> _WHAT YOU SHOULD DO_: From the records below, print exactly the lines starting at the one containing "- Magický hrnček" and ending at the one containing "Ovale Verpackung in", ends included, and nothing else.
=== TASK INPUTS ===
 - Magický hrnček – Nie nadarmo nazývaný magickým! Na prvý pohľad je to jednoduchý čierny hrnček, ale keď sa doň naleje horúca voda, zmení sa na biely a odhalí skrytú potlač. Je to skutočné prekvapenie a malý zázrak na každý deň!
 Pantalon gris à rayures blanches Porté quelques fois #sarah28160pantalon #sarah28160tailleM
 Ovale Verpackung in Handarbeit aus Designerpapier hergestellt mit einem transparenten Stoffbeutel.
===
=== TASK INPUTS ===
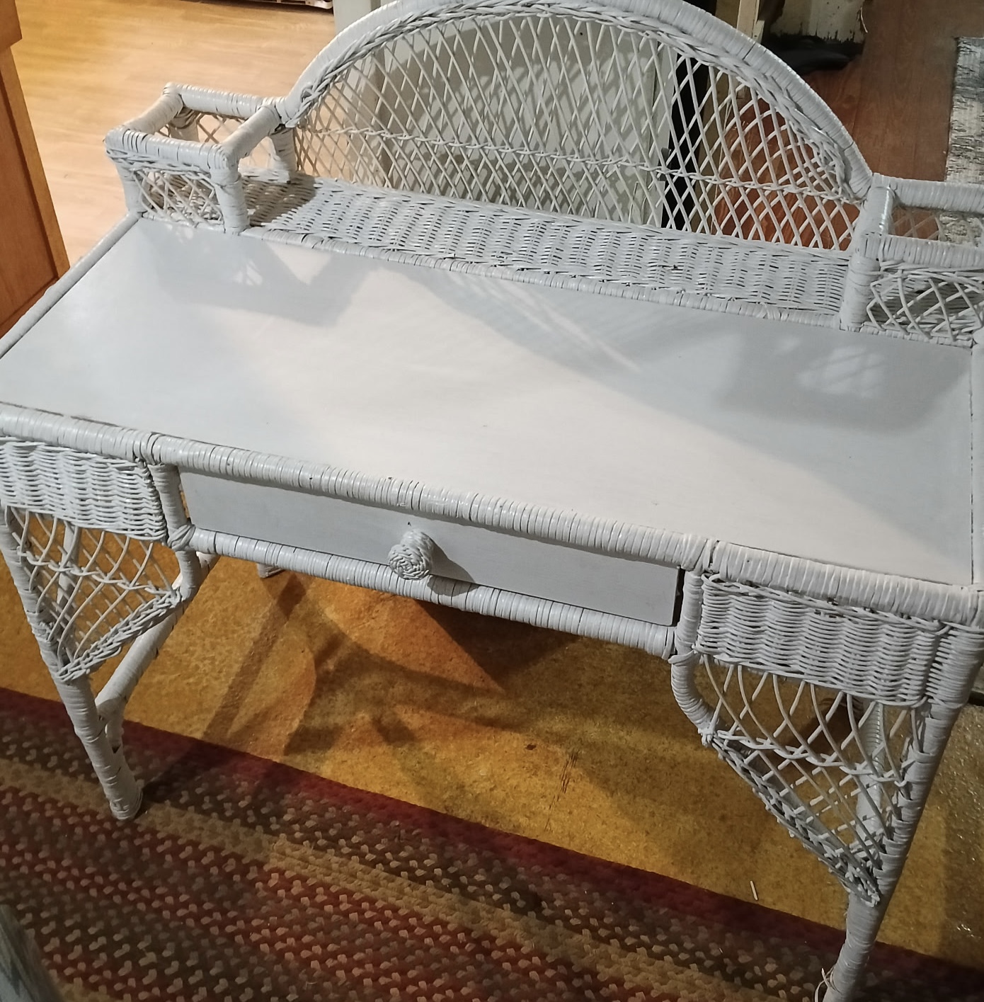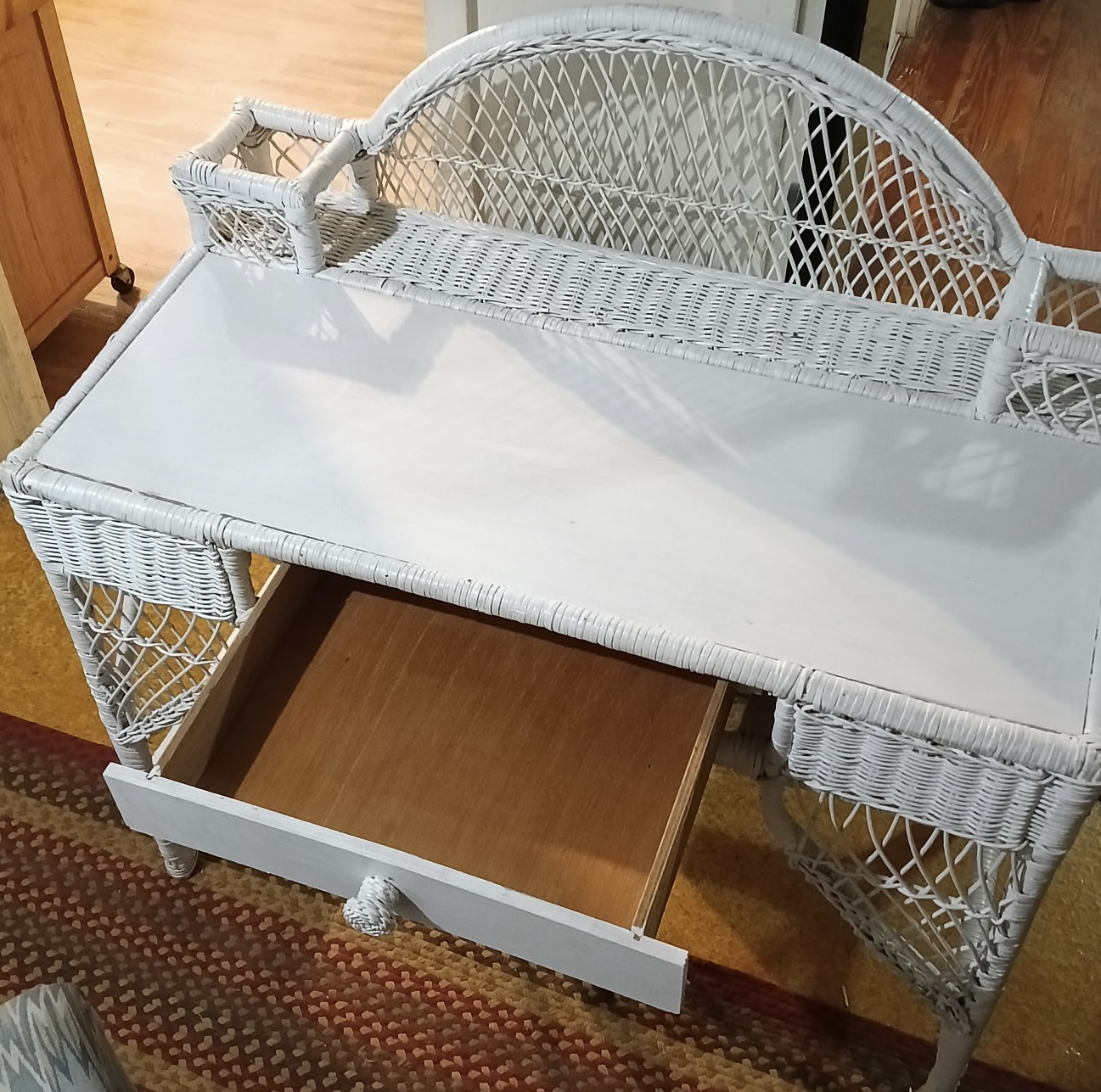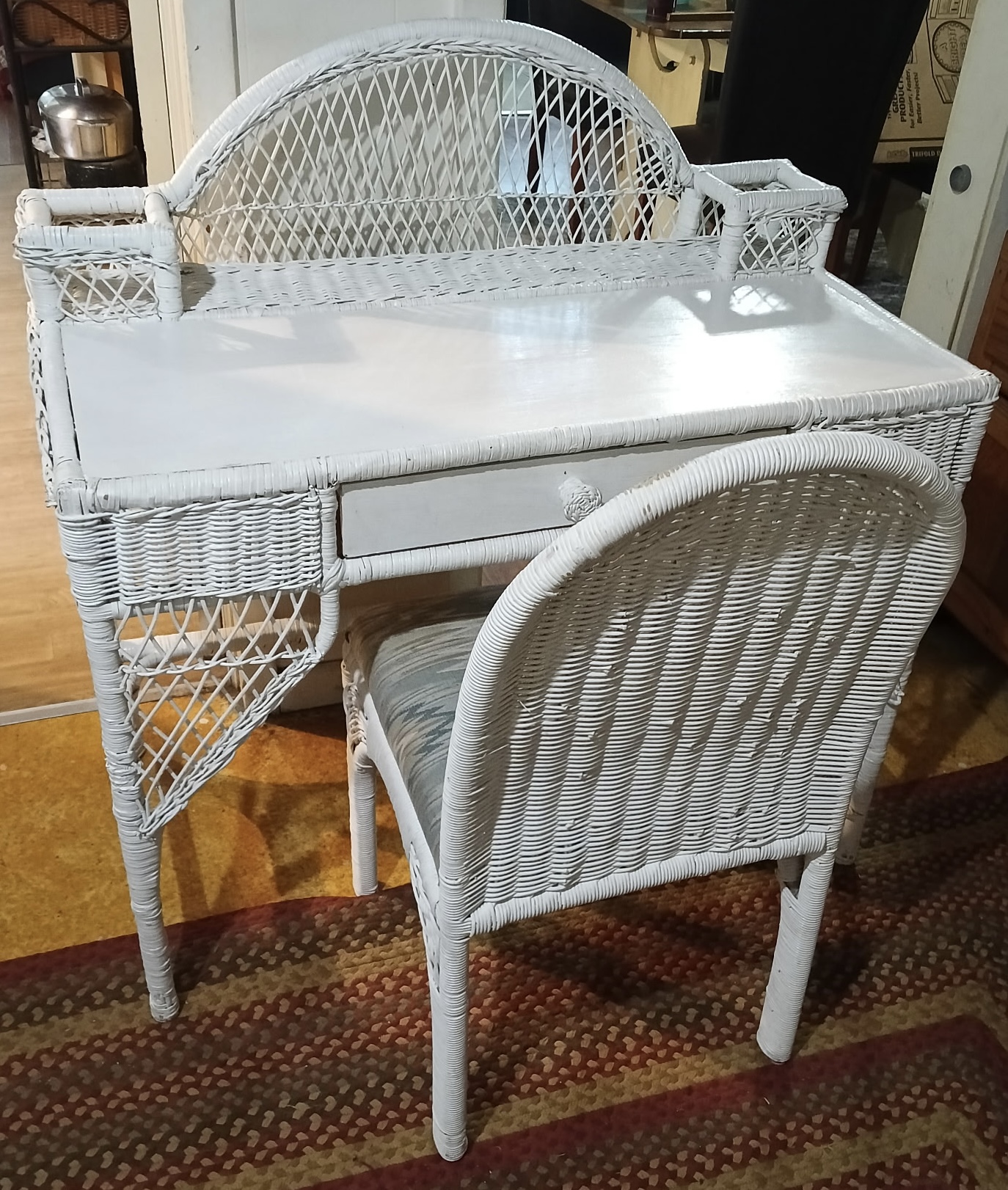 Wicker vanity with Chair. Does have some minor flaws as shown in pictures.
===
=== TASK INPUTS ===
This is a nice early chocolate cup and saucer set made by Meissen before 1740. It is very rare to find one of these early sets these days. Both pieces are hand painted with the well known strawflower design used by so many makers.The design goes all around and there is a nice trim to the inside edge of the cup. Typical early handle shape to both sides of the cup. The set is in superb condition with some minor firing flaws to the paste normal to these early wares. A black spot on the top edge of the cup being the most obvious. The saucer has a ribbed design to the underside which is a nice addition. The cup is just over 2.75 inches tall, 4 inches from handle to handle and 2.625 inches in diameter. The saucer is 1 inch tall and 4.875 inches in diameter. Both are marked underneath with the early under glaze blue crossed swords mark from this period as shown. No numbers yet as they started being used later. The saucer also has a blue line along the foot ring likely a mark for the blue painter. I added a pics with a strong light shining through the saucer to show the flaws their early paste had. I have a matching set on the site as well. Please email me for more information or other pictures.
===
> _ANSWER TO THE PROBLEM_:
 - Magický hrnček – Nie nadarmo nazývaný magickým! Na prvý pohľad je to jednoduchý čierny hrnček, ale keď sa doň naleje horúca voda, zmení sa na biely a odhalí skrytú potlač. Je to skutočné prekvapenie a malý zázrak na každý deň!
 Pantalon gris à rayures blanches Porté quelques fois #sarah28160pantalon #sarah28160tailleM
 Ovale Verpackung in Handarbeit aus Designerpapier hergestellt mit einem transparenten Stoffbeutel.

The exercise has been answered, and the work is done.